And calculating the feature vector of the HTML file: and calculating the feature vector corresponding to the HTML file according to the DOM tree of the HTML.
The JS file feature vector calculation step: and analyzing the JS file to obtain a control flow graph containing attribute parameters, converting basic blocks of the control flow graph into vectors, and calculating feature vectors of the JS file based on the basic block feature vectors.
And calculating the webpage feature vector: and combining the obtained HTML file feature vector and the JS file feature vector to obtain the feature vector of the webpage.
Training a neural network: the web pages that have been labeled are converted into vectors in the above manner and used as input to train the neural network.
Neural network identification: and converting the webpage to be detected into a vector according to the mode, and inputting the vector into the trained neural network to obtain a classification result.

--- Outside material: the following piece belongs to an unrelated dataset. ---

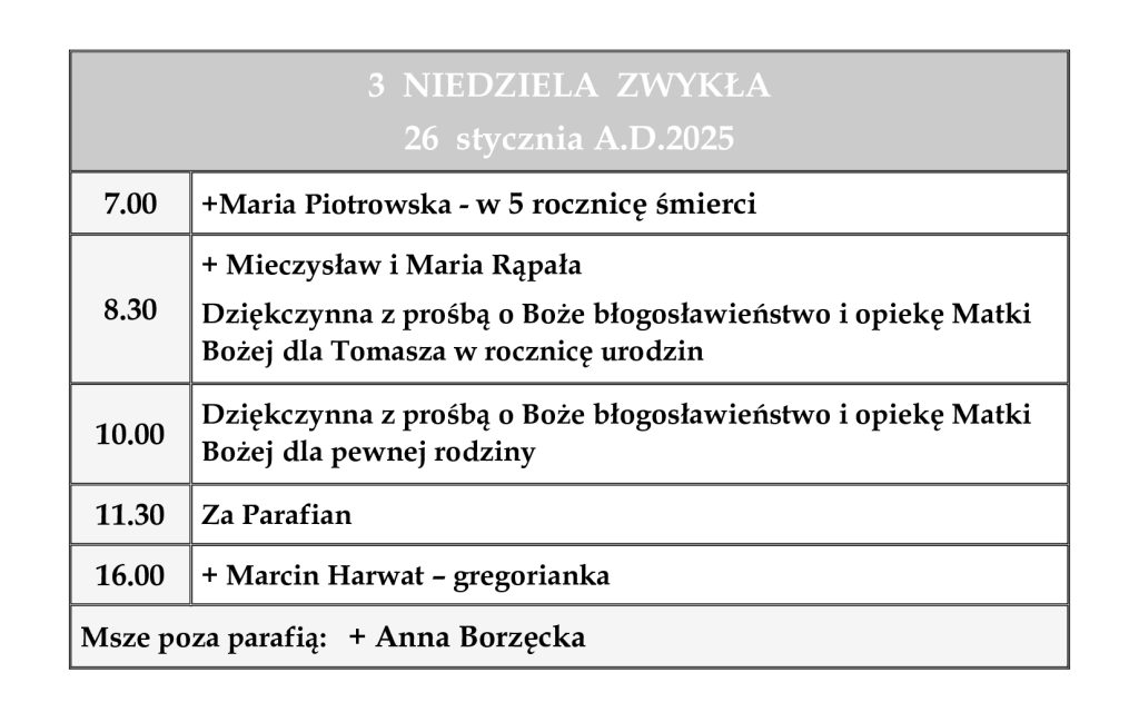 Ogłoszenia parafialne – 3. Niedziela Zwykła – Niedziela Słowa Bożego – 26.01.2025 r.

Specifically, the specific content of the resource acquisition step is as follows:
and (3) crawling and analyzing: crawling the HTML file of the dynamic loading webpage, analyzing the HTML tag of the dynamic loading webpage, and obtaining a file with a suffix name JS, an HTML file in a frame tag and a file path of the HTML file;
and (3) a classified downloading step: and identifying the obtained HTML file as an embedded HTML file, and dividing the JS file into a source JS file and an embedded JS file according to whether a source domain name is input in a file path or not, and downloading the source JS file and the embedded JS file.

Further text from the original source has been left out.